● **Assignment**: Copy out each entry below verbatim, skipping the images.

● **Records for processing**:
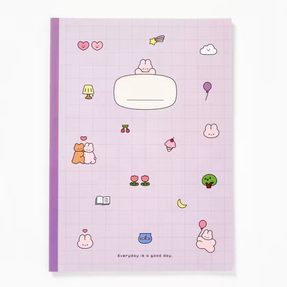 Artbox memperkenalkan ini adalah buku catatan semester baru dengan pola kelinci merah muda yang lucu dengan latar belakang ungu muda.
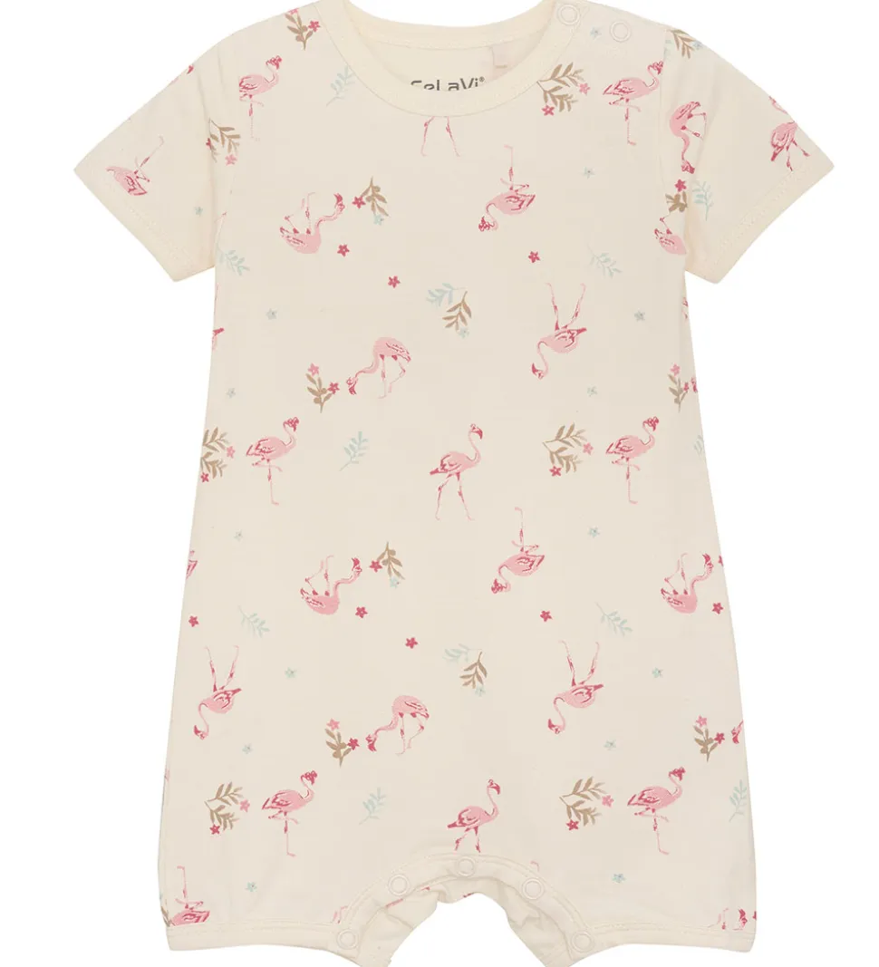 Sød CeLaVi sommerdragt i hvid, med et alloverprint af søde flamingoer og blade i rosa, brune og grønne nuancer.
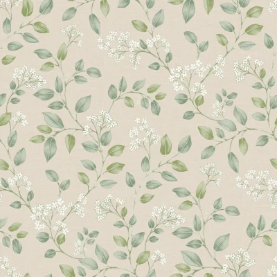 Grandeco Forget Me Not Leaf Trail Smooth Wallpaper, Neutral Green
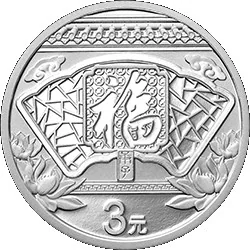 The reverse features a Chinese "fu" character integrated with a traditional wall, window, flowers, auspicious clouds, and the face value.
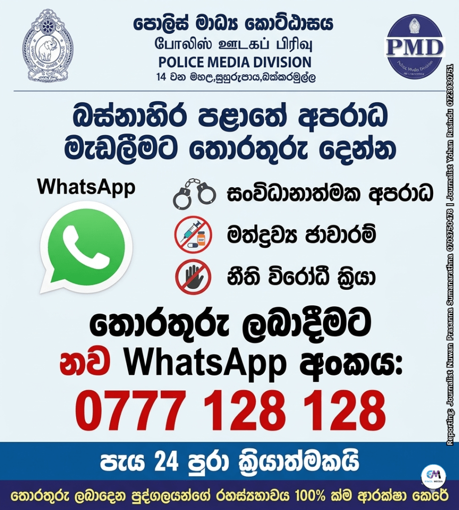 බස්නාහිර පළාත තුළ සිදුවන අපරාධ, මත්ද්රව්ය ජාවාරම් සහ අනෙකුත් නීති විරෝධී ක්රියා මැඩලීම සඳහා පොලිස් මාධ්ය කොට්ඨාසය විසින් නව WhatsApp අංකයක් හඳුන්වා දී ඇත.
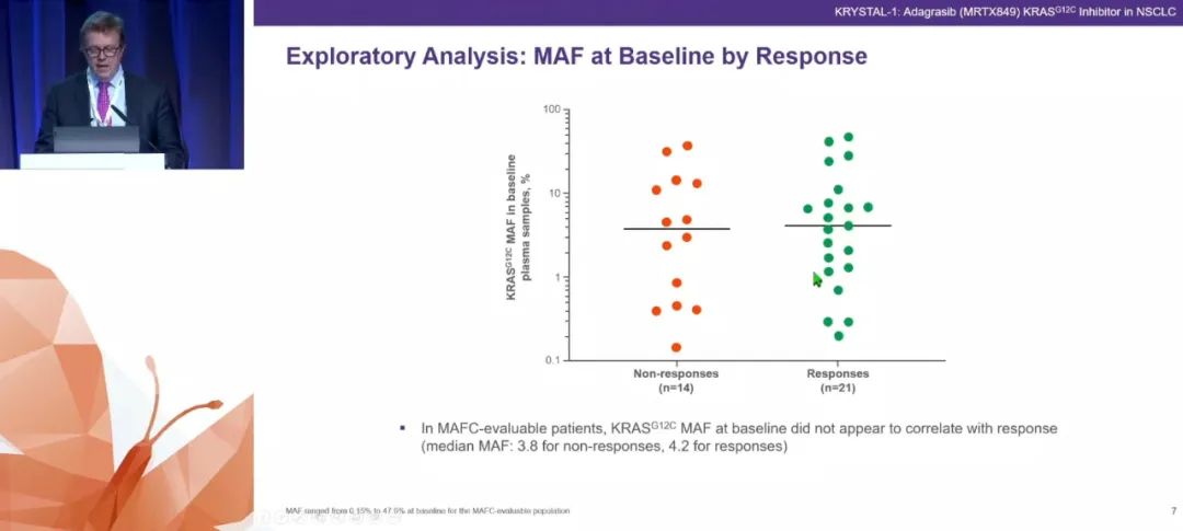 图3.在MAFC可评估人群中,基线时的KRAS G12C突变等位基因频率似乎与疗效无关(欧洲肺癌大会2023,摘要8MO)
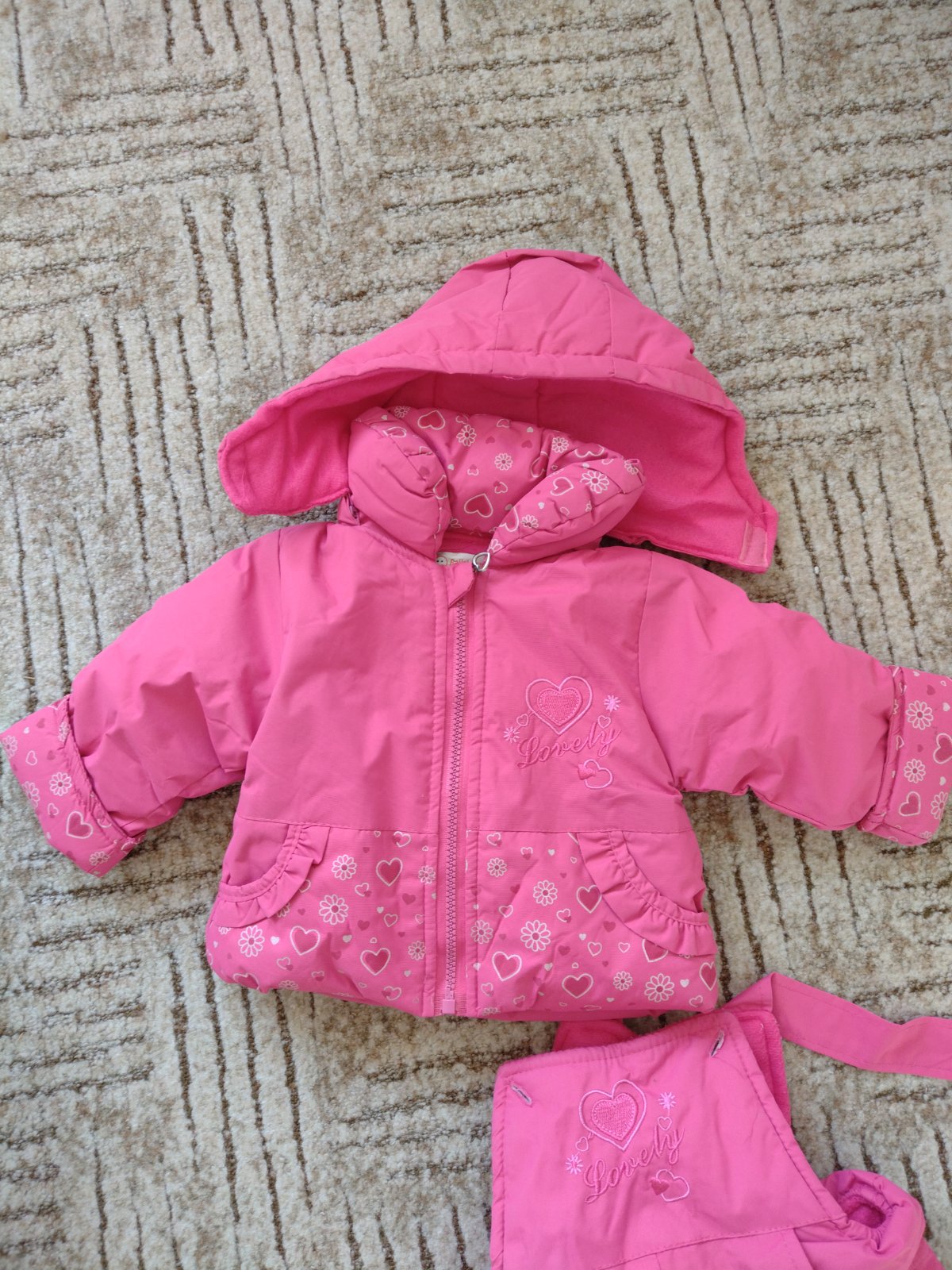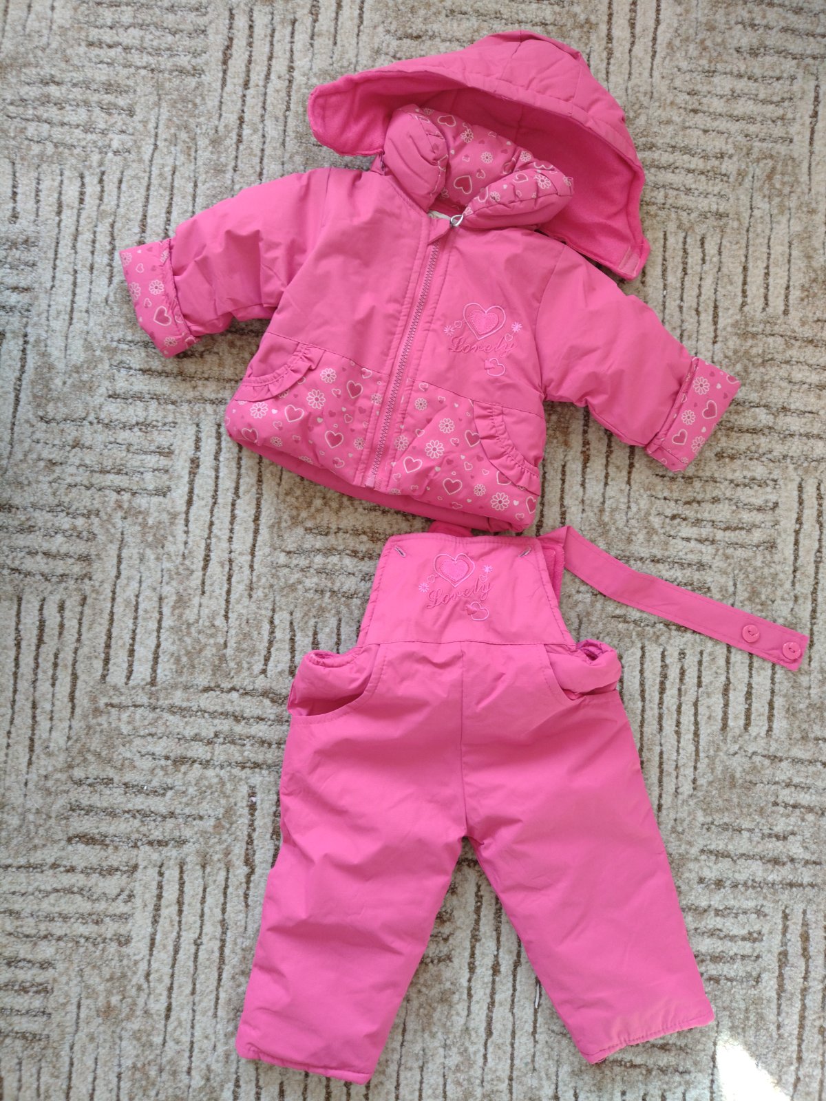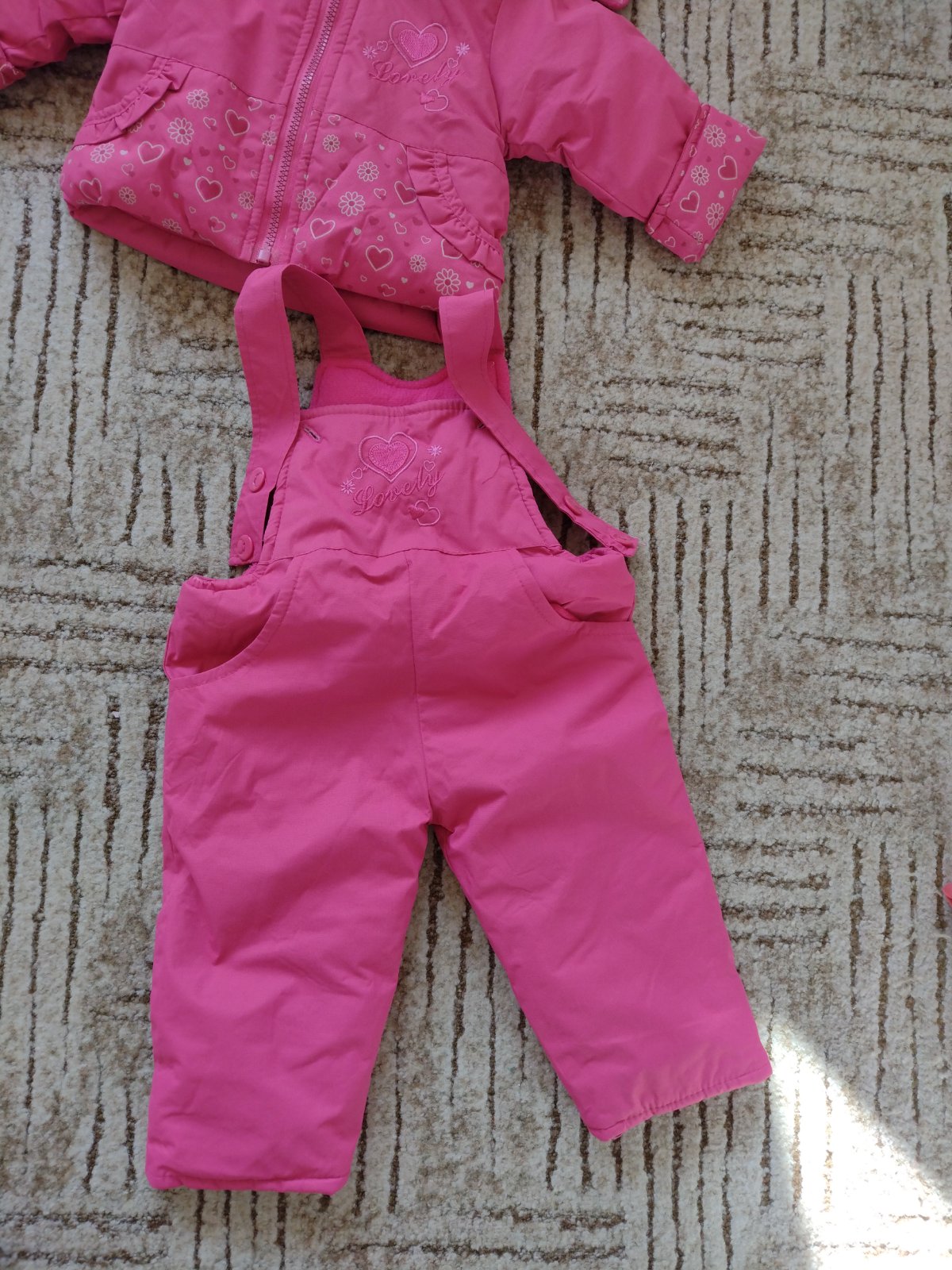 Málo používaná súprava, bez poškodení. Dĺžka rukáva 27 cm, dĺžka bundy 30 cm, dĺžka nohavíc od pása 39 cm.

● **Solution for this task**:
 Artbox memperkenalkan ini adalah buku catatan semester baru dengan pola kelinci merah muda yang lucu dengan latar belakang ungu muda.
 Sød CeLaVi sommerdragt i hvid, med et alloverprint af søde flamingoer og blade i rosa, brune og grønne nuancer.
 Grandeco Forget Me Not Leaf Trail Smooth Wallpaper, Neutral Green
 The reverse features a Chinese "fu" character integrated with a traditional wall, window, flowers, auspicious clouds, and the face value.
 බස්නාහිර පළාත තුළ සිදුවන අපරාධ, මත්ද්රව්ය ජාවාරම් සහ අනෙකුත් නීති විරෝධී ක්රියා මැඩලීම සඳහා පොලිස් මාධ්ය කොට්ඨාසය විසින් නව WhatsApp අංකයක් හඳුන්වා දී ඇත.
 图3.在MAFC可评估人群中,基线时的KRAS G12C突变等位基因频率似乎与疗效无关(欧洲肺癌大会2023,摘要8MO)
 Málo používaná súprava, bez poškodení. Dĺžka rukáva 27 cm, dĺžka bundy 30 cm, dĺžka nohavíc od pása 39 cm.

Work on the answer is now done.